Глеб подумал: не в себе начальник, закрутил его ветер, помутил сознание — и такое бывает. Но Богин был, как ни странно, в здравом уме и твердом рассудке. И Глеб понял: Богин не хочет, чтобы люди видели его слабым, в таком беспомощном и глупом, с его точки зрения, положении. Он оберегал свой авторитет и прежде всего заботился именно о нем. Но еще раньше, чем Базанов, понял это Лысой. И когда Богин снова закричал на него, Василий Васильевич ответил ему с глухой яростью, что водку на брудершафт они не пили и он очень просит товарища Богина впредь обращаться к нему только на «вы», в противном случае все его команды исполнять не будет. И пошел к трактору.
— Зря, Степан. Благодаря этому человеку и мы здесь,— сказал Базанов.— Зачем обижаешь?!
— Считаешь, спасли? — возразил Богин заносчиво. — Дошел бы, сам дошел.
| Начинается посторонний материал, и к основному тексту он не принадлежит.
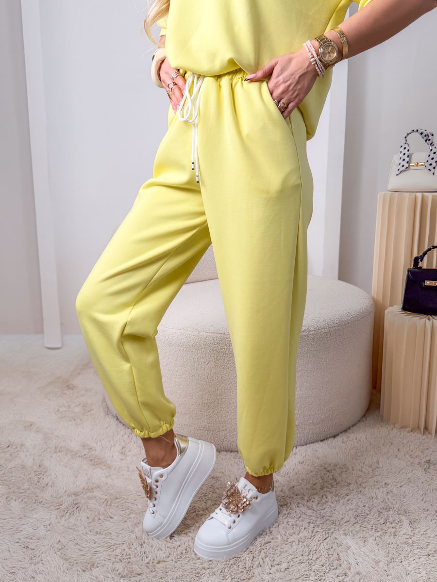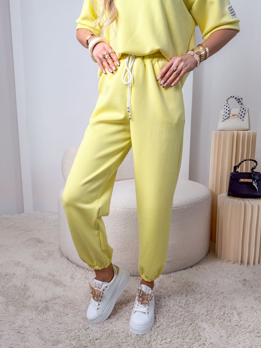 Komplet masełkowy: bluzka z naszywką + spodnie ze ściagaczami Bananowy – Velmira Lounge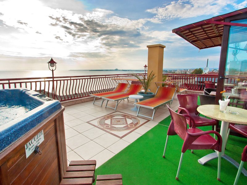 Šport & Fitness: Vnútorné a vonkajšie bazény sú ideálne pre pravidelný aqua tréning a aktívny relax. Dovolenku si môžete užiť na slnečnej terase s ležadlami a slnečníkmi. Vírivka v kúpacej časti sľubuje príjemný relax. Ak nechcete počas cestovania vynechať šport, môžete sa zabaviť pri rybolove. Cyklistika/horská cyklistika je k dispozícii za poplatok. Fanúšikom vodných športov je k dispozícii windsurfing. Hostia si môžu vybrať zo širokej škály indoorových športov v hoteli vrátane posilňovne, biliardu, bowlingu a aerobiku. Dom má wellness centrum s kúpeľmi, parným kúpeľom, hammamom, kozmetickým salónom, thalassoterapeutickými procedúrami a soláriom, ako aj saunou a masážami za príplatok. Detský klub, diskotéka, kasíno a nočný klub sa postarajú o tú najlepšiu zábavu vo voľnom čase.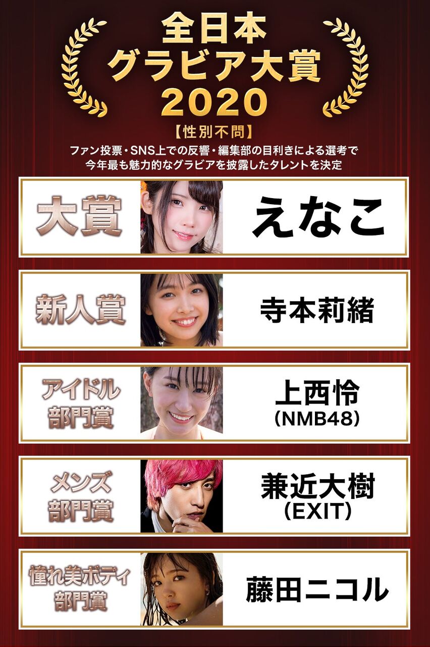 「全日本グラビア大賞2020」は、今年、紙媒体、WEB媒体、写真集、フォトブックなどにおいて、水着、ランジェリー、コスプレ、キャミソールなどの衣装でグラビア企画の出演またはリリースをした人物、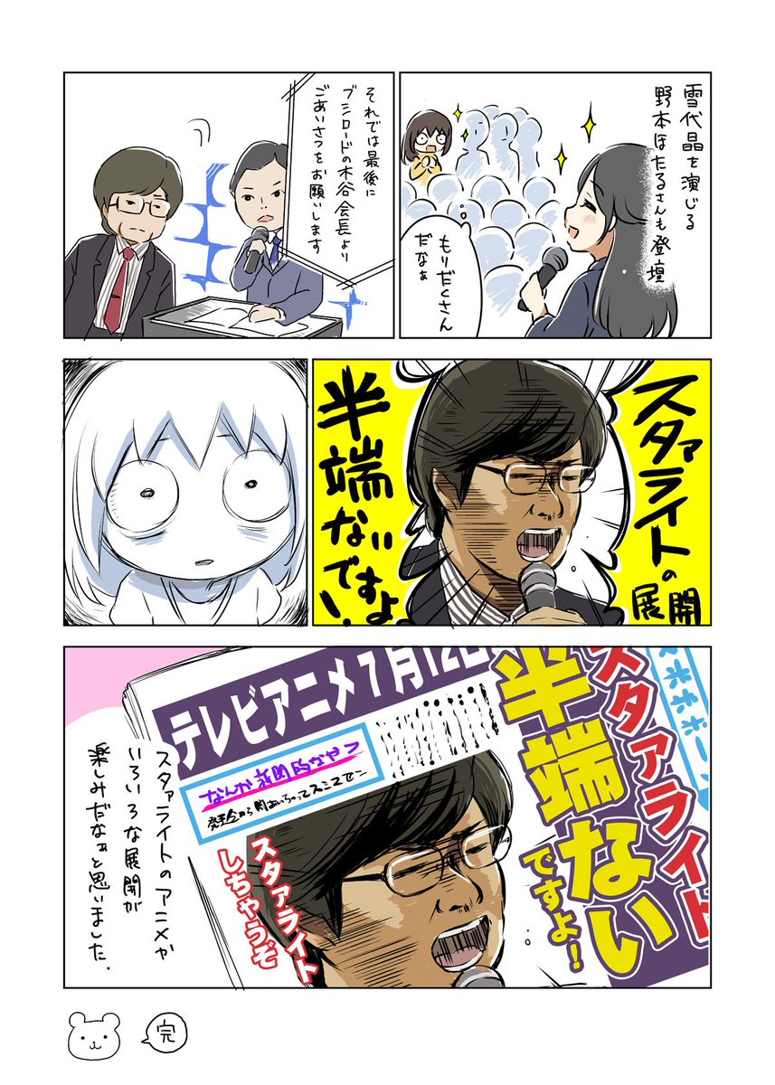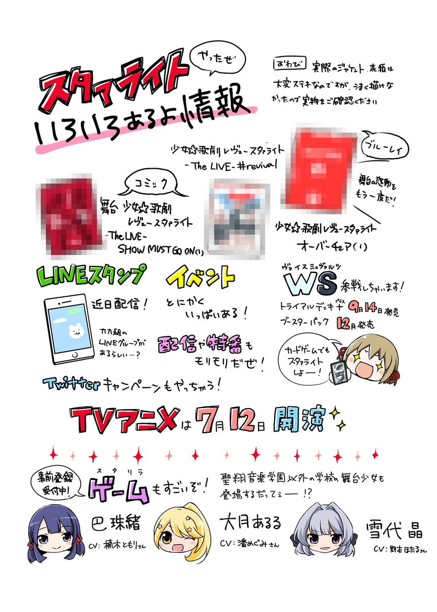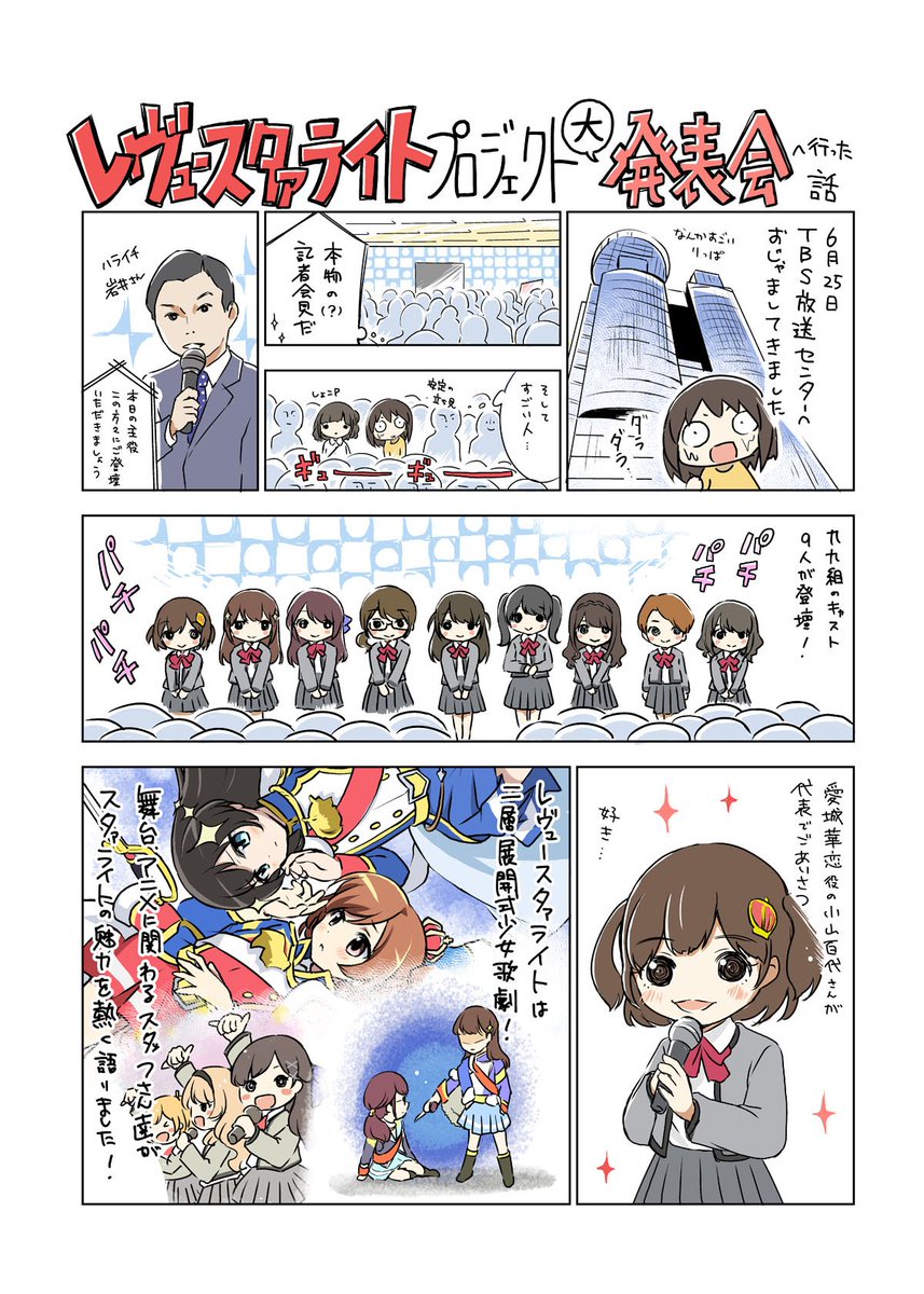 いよいよ今夜TVアニメ「少女☆歌劇 レヴュースタァライト」が放送スタート! ということで、舞台創造科の一員として先日開催されたプロジェクト大発表会のレポートを描きました!! #スタァライト

— Нет, Степан Иванович. Не дошел бы ты и не дополз. А как лег — заснул, и кранты тебе, прости, пожалуйста. Замерз бы, как заяц. И снегом занесло бы так, что ни ночью, ни днем не нашли бы мы тебя, если даже всю пустыню перелопатили. Вот так, дорогой товарищ. Идем — доведу.
— Сам, — сказал Богин. Он оторвался наконец от куста, шагнул, упал лицом в снег плашмя и потерял сознание.
Таким человеком был Степан Иванович Богин. И никто и ничто не могло его ни изменить, ни переделать.Богин словно доказывал всем, что пустыня его не испугала. Сменив шофера, он месяц мотался по пескам, не слезая с «газика» в любую погоду. Говорили, что его видели сразу в нескольких местах. Он был энергичным и неутомимым. Все высокие и тощие начальники неутомимы, но этот оказался просто джинном, выпущенным из бутылки...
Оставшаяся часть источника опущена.